(Entries taken from a collection)
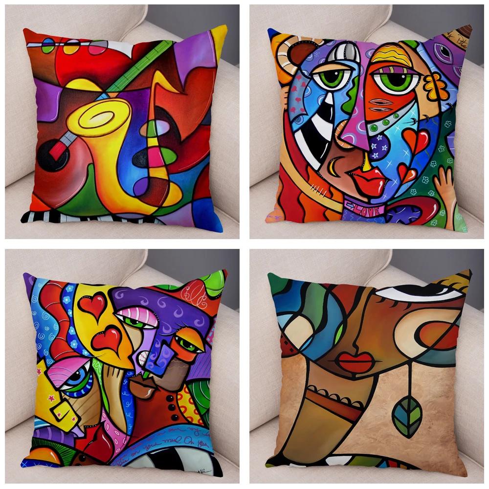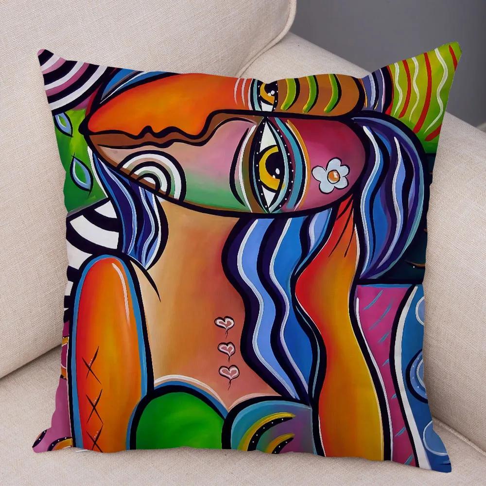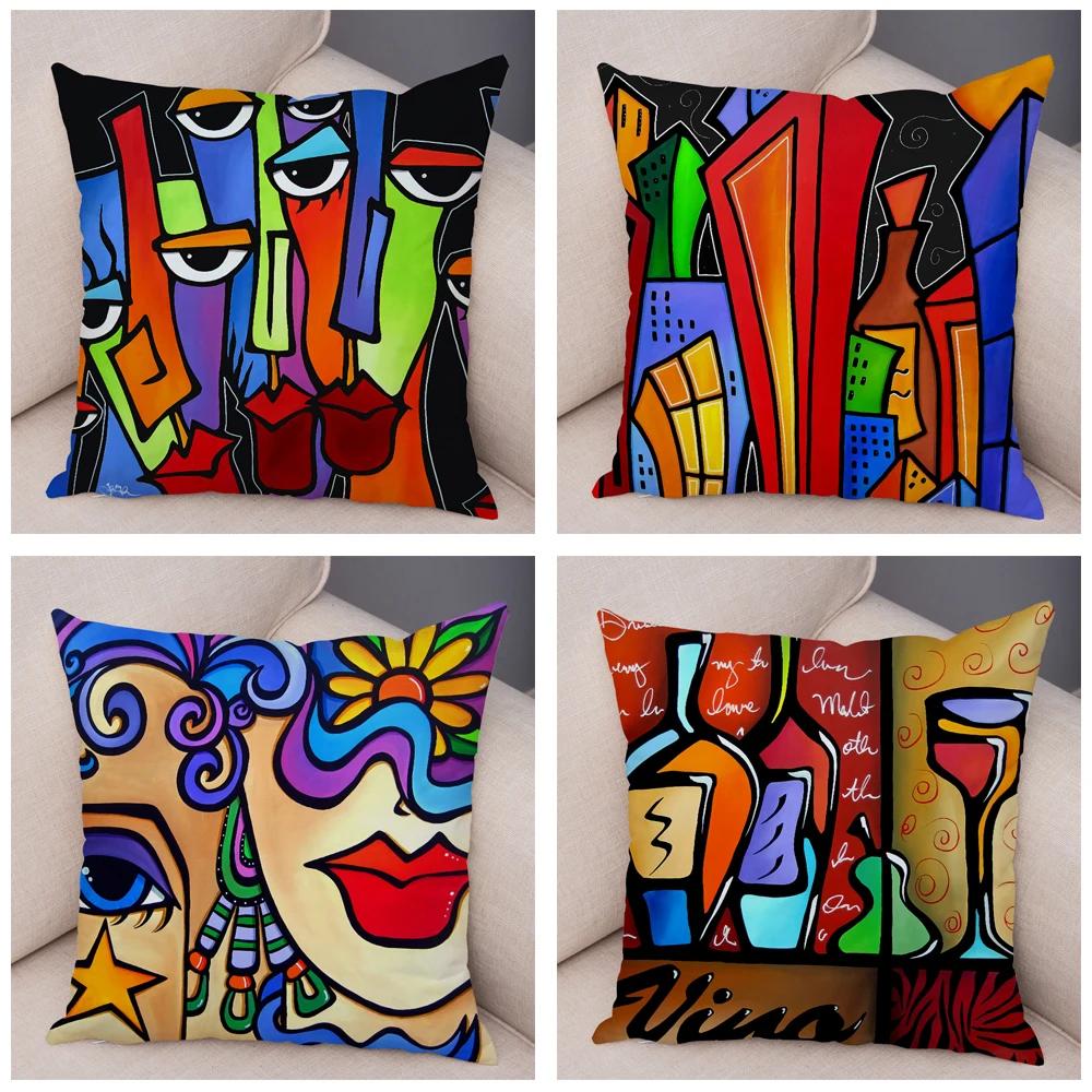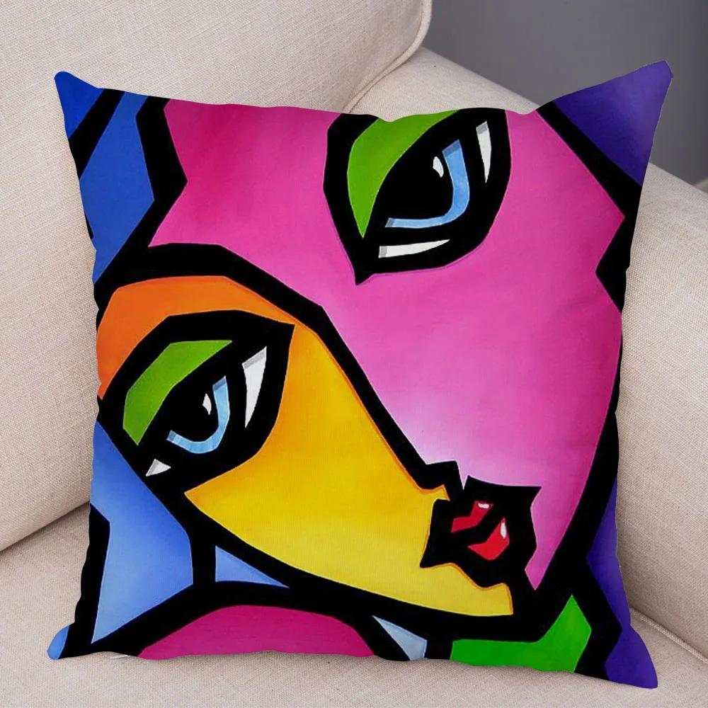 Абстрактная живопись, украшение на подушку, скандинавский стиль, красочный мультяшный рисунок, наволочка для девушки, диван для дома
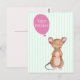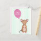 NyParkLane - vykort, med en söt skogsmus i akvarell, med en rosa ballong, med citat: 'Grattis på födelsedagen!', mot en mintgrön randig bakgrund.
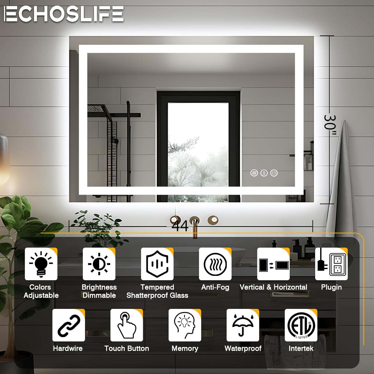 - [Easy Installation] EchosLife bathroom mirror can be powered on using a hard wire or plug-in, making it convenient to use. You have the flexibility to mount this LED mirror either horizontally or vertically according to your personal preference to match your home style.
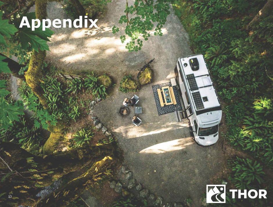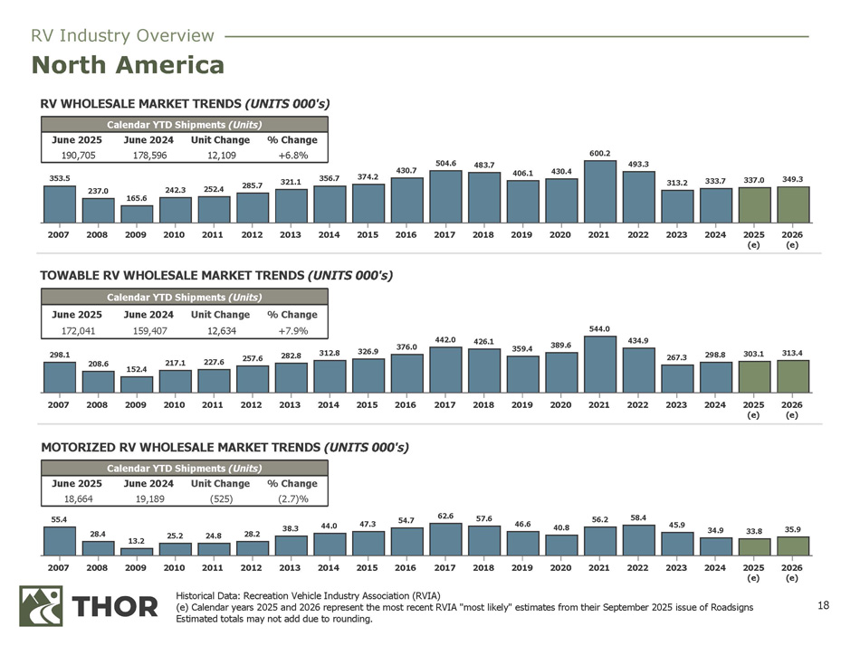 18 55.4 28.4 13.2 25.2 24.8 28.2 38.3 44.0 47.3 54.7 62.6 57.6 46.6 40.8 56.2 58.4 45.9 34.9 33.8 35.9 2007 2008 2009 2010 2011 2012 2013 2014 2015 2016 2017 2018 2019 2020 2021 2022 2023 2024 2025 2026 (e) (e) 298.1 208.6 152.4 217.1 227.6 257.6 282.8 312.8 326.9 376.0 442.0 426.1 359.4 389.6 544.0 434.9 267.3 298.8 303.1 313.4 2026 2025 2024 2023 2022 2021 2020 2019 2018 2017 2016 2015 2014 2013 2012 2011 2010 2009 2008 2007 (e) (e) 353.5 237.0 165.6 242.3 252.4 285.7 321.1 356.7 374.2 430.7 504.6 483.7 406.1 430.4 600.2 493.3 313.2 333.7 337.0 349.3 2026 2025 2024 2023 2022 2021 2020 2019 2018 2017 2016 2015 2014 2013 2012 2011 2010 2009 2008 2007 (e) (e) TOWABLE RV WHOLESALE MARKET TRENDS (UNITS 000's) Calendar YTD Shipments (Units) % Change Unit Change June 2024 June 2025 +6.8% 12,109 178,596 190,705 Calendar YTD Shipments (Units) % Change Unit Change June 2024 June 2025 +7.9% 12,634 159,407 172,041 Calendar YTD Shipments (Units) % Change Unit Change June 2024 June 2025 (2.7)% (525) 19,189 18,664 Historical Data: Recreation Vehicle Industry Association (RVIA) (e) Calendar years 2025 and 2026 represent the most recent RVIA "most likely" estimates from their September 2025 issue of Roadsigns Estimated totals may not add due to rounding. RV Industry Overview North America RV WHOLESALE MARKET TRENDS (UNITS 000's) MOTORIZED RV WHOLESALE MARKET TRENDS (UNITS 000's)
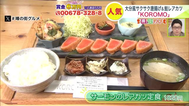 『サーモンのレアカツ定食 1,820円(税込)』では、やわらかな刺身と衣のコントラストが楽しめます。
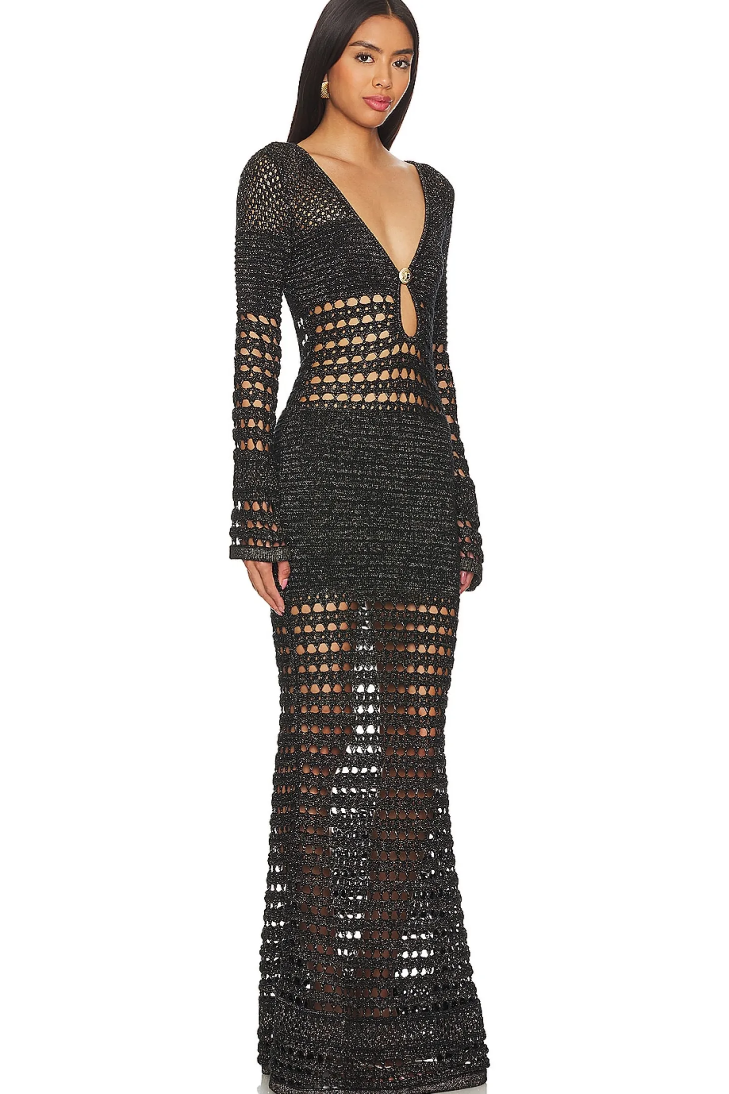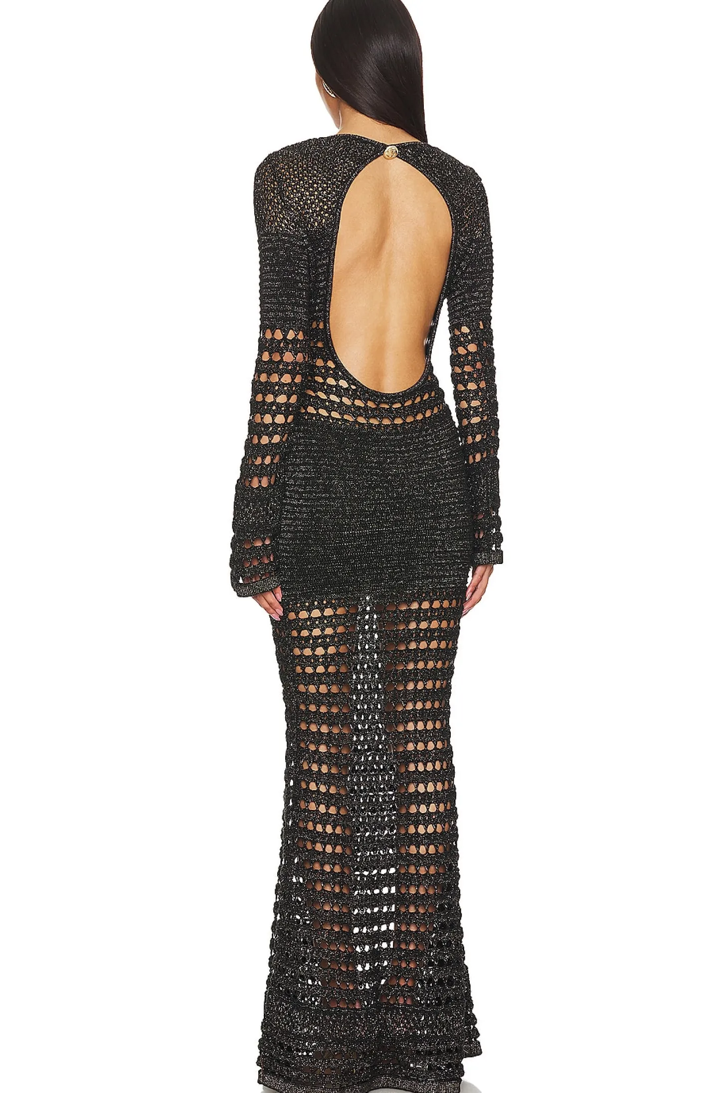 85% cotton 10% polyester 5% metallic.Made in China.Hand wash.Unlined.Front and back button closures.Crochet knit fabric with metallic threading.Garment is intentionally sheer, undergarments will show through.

## [PROMPT]
Exact copy, pictures excluded: every line above from the one containing "NyParkLane - vykort, med" to the one containing "- [Easy Installation]", inclusive, and nothing more.

## [WRITTEN ANSWER]
 NyParkLane - vykort, med en söt skogsmus i akvarell, med en rosa ballong, med citat: 'Grattis på födelsedagen!', mot en mintgrön randig bakgrund.
 - [Easy Installation] EchosLife bathroom mirror can be powered on using a hard wire or plug-in, making it convenient to use. You have the flexibility to mount this LED mirror either horizontally or vertically according to your personal preference to match your home style.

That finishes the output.